For the resident farmer critical group, the doses corresponding to
DCGLs (and totaling 25 mrem/yr) are:
Subsurface partial structures: 0.005 mSv/yr (0.5 mrem/yr)
Groundwater: 0.0077 mSv/yr (0.77 mrem/yr).
Concrete debris and soil: 0.2373 mSv/yr (23.73 mrem/yr)
In areas that have co-mingled soil and concrete debris, YAEC would
use the smaller of the two DCGLs for each radionuclide (see Table 4-1),
and for areas with only soil, YAEC would use the soil DCGLs.
For the building occupancy critical group, YAEC would take a sum-
of-fractions approach to ensure that if a member of the public were
both a member of the building occupancy critical group and the resident
farmer critical group, their total dose would be less than 0.25 mSv/yr
(25 mrem/yr).
Any actual doses would likely be much less than the 0.25 mSv/yr (25
mrem/yr) limit. This is due to the conservatism in both the modeling
and the assumption that the entire source would have residual
radioactivity at the DCGL. (It is more likely that the sources will
have residual radioactivity at considerably less than the DCGLs.)

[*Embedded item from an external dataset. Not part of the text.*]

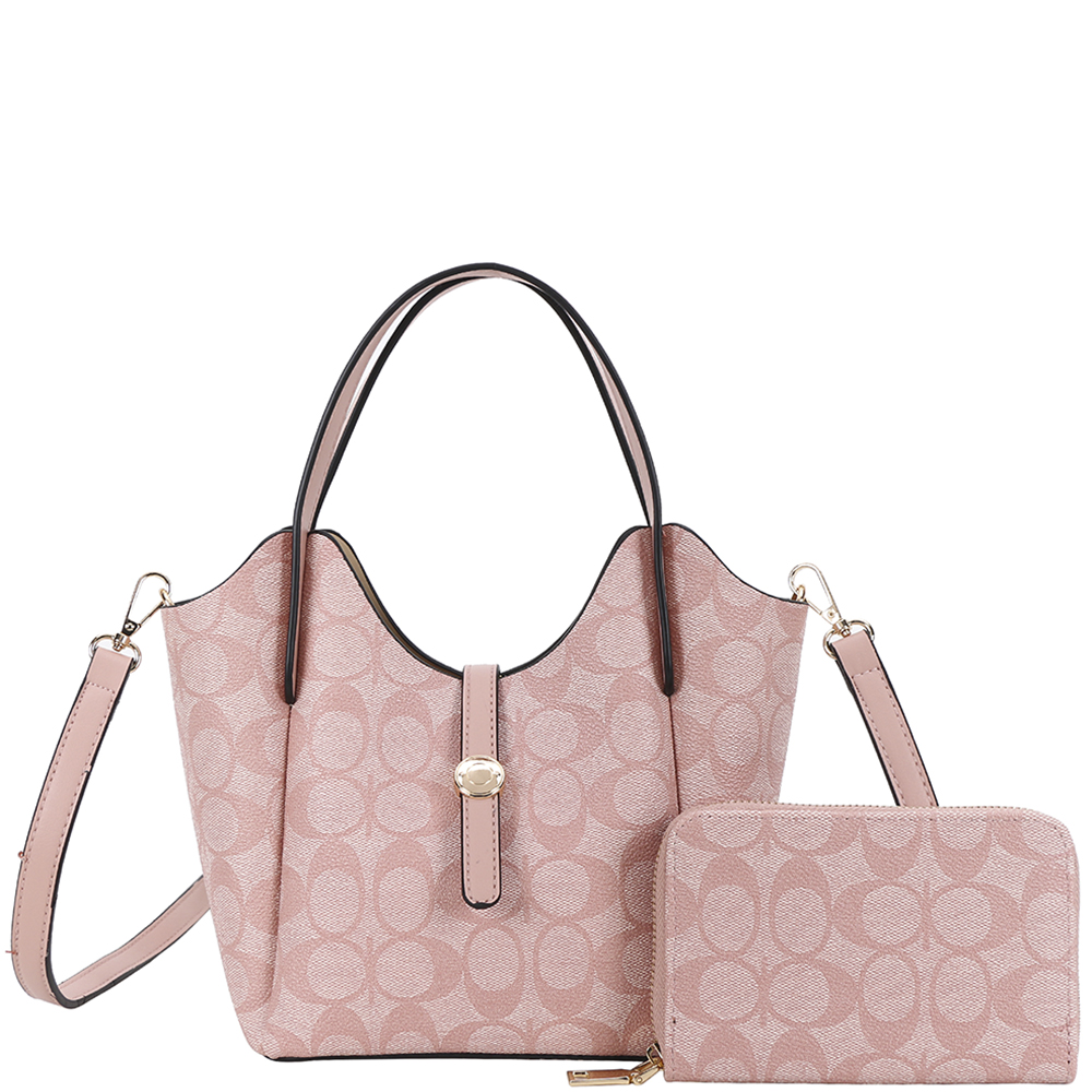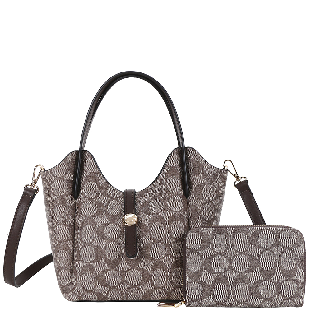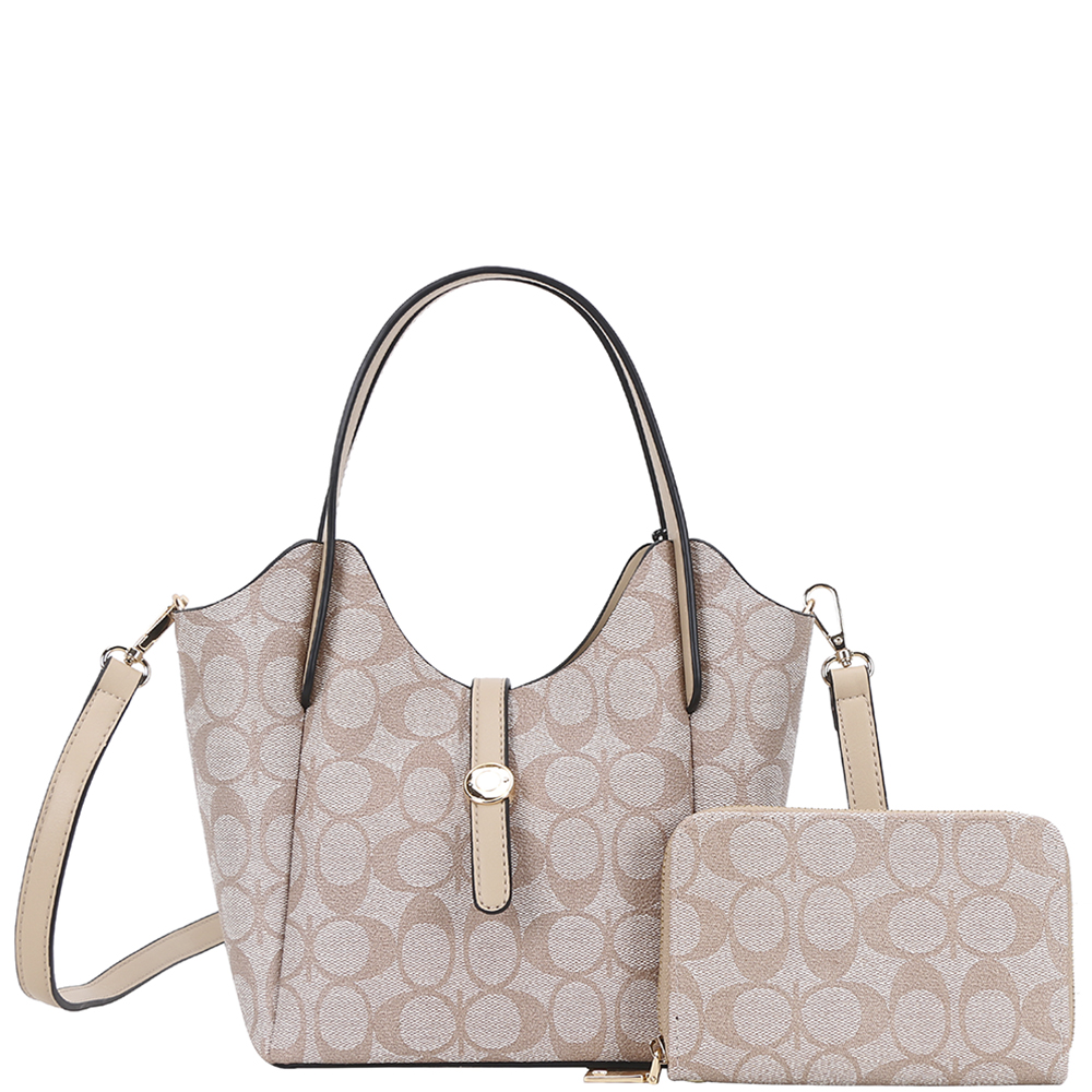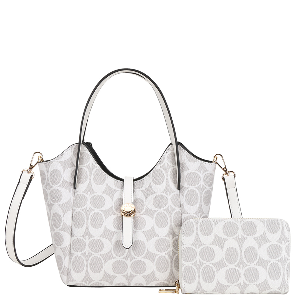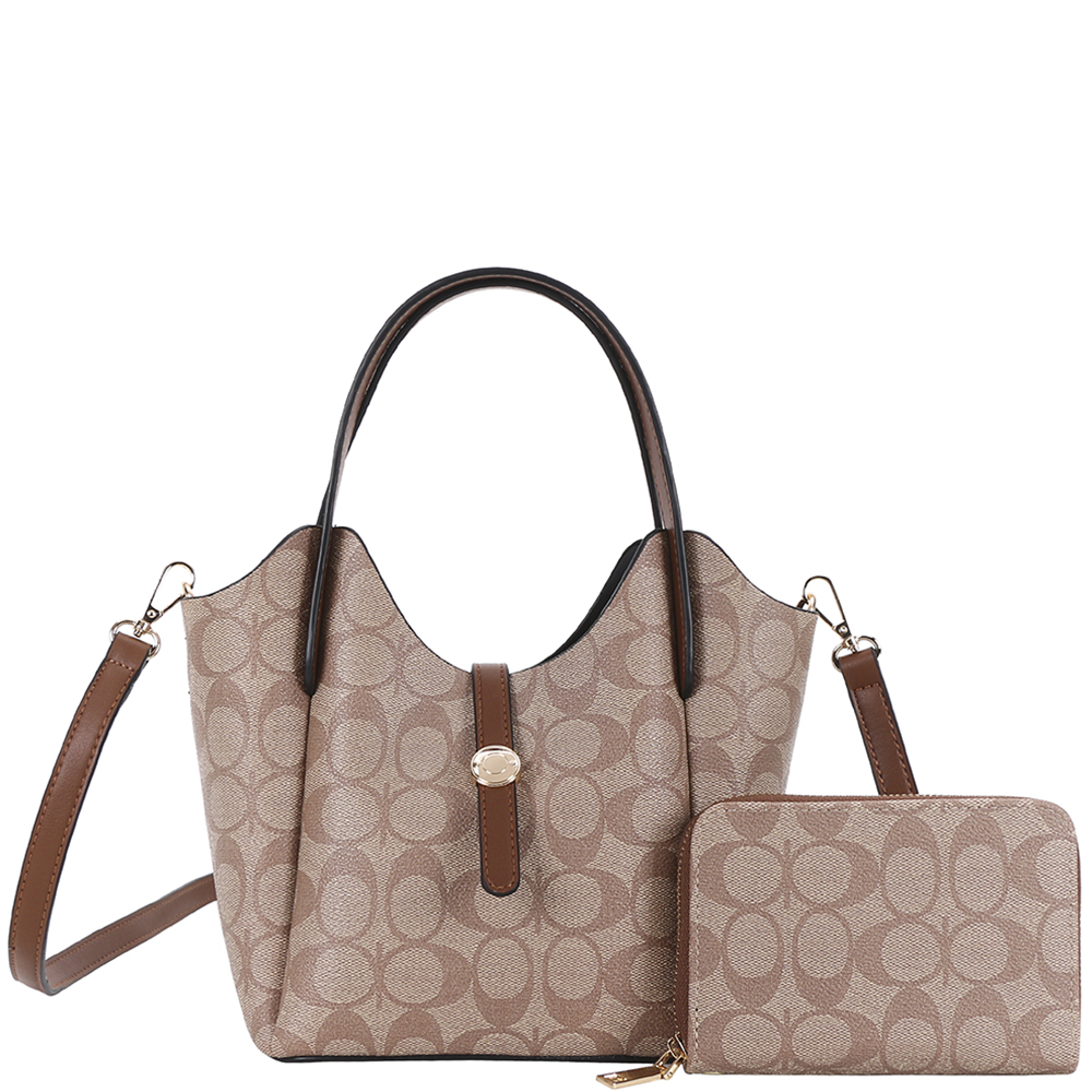 2IN1 OVAL PRINT HANDLE DESIGN SATCHEL W WALLET SET

Provided compliance with the 10 CFR 20.1402 limit is demonstrated
through the results of the final status survey, there would be no
anticipated adverse impacts to human health from approval of license
termination, as described in the environmental impact statement for
license termination (NUREG-1496) (NRC, 1997a).
Exposure Scenarios
The manner in which the DCGLs are derived for the YNPS site is
documented in Chapter 6 of the LTP, Revision 1. In deriving the DCGLs,
an adult resident farmer is considered to represent the average member
of the critical group. The hypothetical resident farmer is assumed to
build a house on the contaminated soil (or soil/concrete debris mix),
draw water from a well placed into the tritium plume, grow plant food
and fodder on the contaminated area, raise livestock on the
contaminated area, and catch fish from a pond on the contaminated area.
The resident farmer scenario is considered the bounding scenario
because it embodies the greatest number of exposure pathways,
represents the longest exposure durations, and includes the greatest
number of sources, of all scenarios envisioned. The DCGLs are shown in
Table 4-1.
The NRC will evaluate the appropriateness of the postulated
exposure scenarios and the methodology used for deriving the DCGLs as
part of its review of the LTP. The NRC staff's Safety Evaluation Report
will provide the details of this review.
Survey Design
YAEC would use a series of surveys, including the final status
survey, to demonstrate compliance with the radiological release
criteria consistent with the Multi-Agency Radiation Survey and Site
Investigation Manual (NRC, 1997a). Planning for the final status survey
involves an iterative process that
[[Page 32671]]
requires appropriate site classification (on the basis of the potential
residual radioactivity levels relative to the DCGLs) and formal
planning using the Data Quality Objective process. YAEC has committed
to an integrated design that would address the selection of appropriate
survey and laboratory instrumentation and procedures, including a
statistically-based measurement and sampling plan for collecting and
evaluating the data needed for the final status survey. YAEC has
requested that it be permitted to modify the classification levels
based on new information during the decommissioning process.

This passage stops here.